Release Notes 1.7.0
Apache Linkis 1.7.0 version mainly adds the following features: Linkis's RPC function supports automatic retries, introduces the Spring boot Admin module for monitoring and managing Linkis services, EC supports setting the status to unhealthy and automatically exiting when idle, and adds containerized mode in the ECM service, allowing specific IPs and ports for communication with the outside world to be assigned to specific engines in this mode.
Main features include:
- Spring suite upgraded to the latest secure version (Spring Cloud gateway(3.1.8), Spring Boot(2.7.11))

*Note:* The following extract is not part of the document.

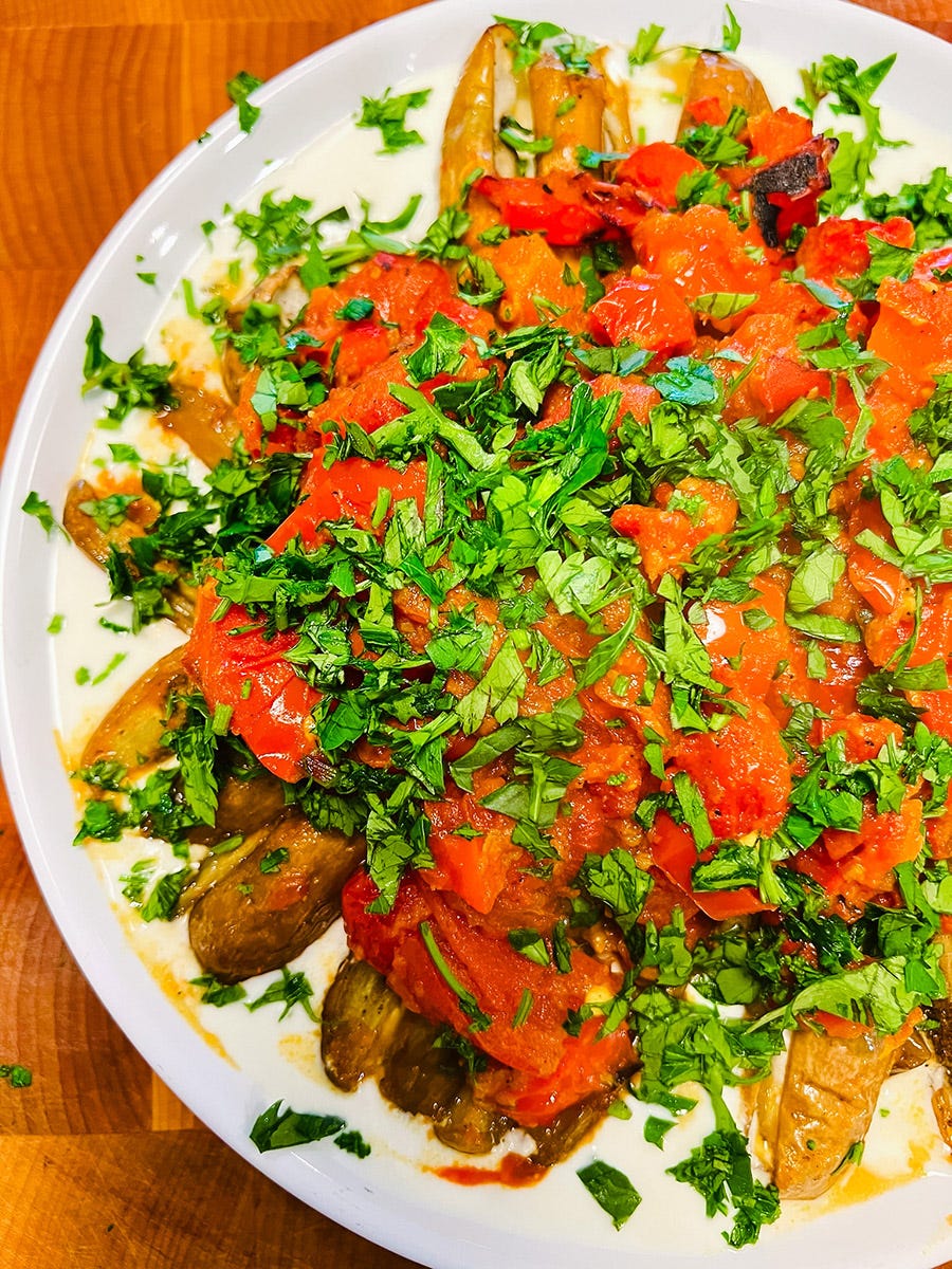Eggplants with Stewed Tomatoes & Peppers

- Orchestrator supports pluggable
- Result set storage supports switching to ORC and Parquet format storage
- Flink supports UDF functions
- Support for Doris engine
- Management console task dashboard function
Abbreviations:
- COMMON: Linkis Common
- ENTRANCE: Linkis Entrance
- EC: Engineconn
- ECM: EngineConnManager
- ECP: EngineConnPlugin
- DMS: Data Source Manager Service
- MDS: MetaData Manager Service
- LM: Linkis Manager
- PS: Linkis Public Service
- PE: Linkis Public Enhancement
- RPC: Linkis Common RPC
- CG: Linkis Computation Governance
- DEPLOY: Linkis Deployment
- WEB: Linkis Web
- GATEWAY: Linkis Gateway
- EP: Engine Plugin
- ORCHESTRATOR: Linkis Orchestrator
- CLIENT: Linkis Client
New Features
- Linkis's RPC function supports automatic retries
- Introduction of Spring boot Admin module for monitoring and managing Linkis services
- EC supports setting the status to unhealthy and automatically exiting when idle
- Added support for SparkMeasure in the Spark engine for better monitoring of Spark performance
- Added containerized mode in the ECM service, allowing specific IPs and ports for communication with the outside world to be assigned to specific engines in this mode
Enhancements
- The management console actively kills corresponding idle engines after modifying the configuration, allowing parameters to take effect immediately
- Support for users to specify a fixed engine instance for execution in scripts
- Addition of system-built-in date variables, supporting run_today_h, etc.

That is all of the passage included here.